Neuron 2.25.0 is released! Check What's New and Announcements for more details.

Run Training in PyTorch Neuron Container

Contents

This document is relevant for: Trn1, Trn2

Run Training in PyTorch Neuron Container#

Overview #

This tutorial demonstrates how to run a pytorch container on an trainium instance.

By the end of this tutorial you will be able to run simple mlp training using the container

You will use an trn1.2xlarge to test your Docker configuration for Trainium.

To find out the available neuron devices on your instance, use the command ls /dev/neuron*.

Setup Environment #

Launch an Trn1 Instance
- Please follow the instructions at launch an Amazon EC2 Instance to Launch an instance, when choosing the instance type at the EC2 console. Please make sure to select the correct instance type.
- To get more information about instances sizes and pricing see: Trn1 web page, Inf2 web page, Inf1 web page
- Select your Amazon Machine Image (AMI) of choice, please note that Neuron supports Amazon Linux 2 AMI(HVM) - Kernel 5.10.
- When launching a Trn1, please adjust your primary EBS volume size to a minimum of 512GB.
- After launching the instance, follow the instructions in Connect to your instance to connect to the instance
Note

If you are facing a connectivity issue during the model loading process on a Trn1 instance with Ubuntu, that could probably be because of Ubuntu limitations with multiple interfaces.
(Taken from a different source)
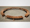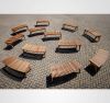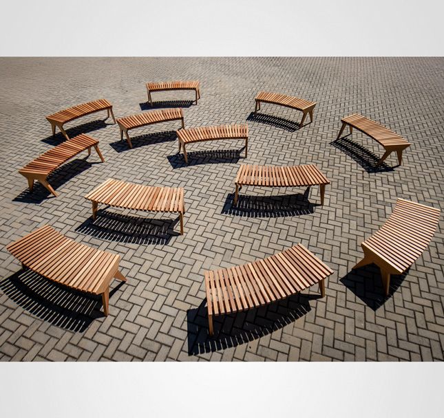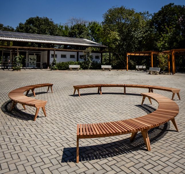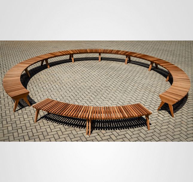 O Banco Ripado Curvo é todo em madeira maciça Freijó ou Jequitibá e foi executado em 4 partes que se juntam para formar a elipse. O desenho das pernas com recortes que se juntam e as ripas do assento foram executados pelos mestres da marcenaria requintada.

To solve this problem, please follow the steps mentioned here.

Users are highly encouraged to use DLAMI to launch the instances, since DLAMIs come with the required fix.
Set up docker environment according to Tutorial Docker environment setup

3. A sample Dockerfile for for torch-neuron can be found here Dockerfile for Application Container. This dockerfile needs the mlp train script found here Simple MLP train script

With the files in a dir, build the image with the following command:

docker build . -f Dockerfile.pt -t neuron-container:pytorch

Run the following command to start the container

docker run -it --name pt-cont --net=host --device=/dev/neuron0 neuron-container:pytorch python3 /opt/ml/mlp_train.py

This document is relevant for: Trn1, Trn2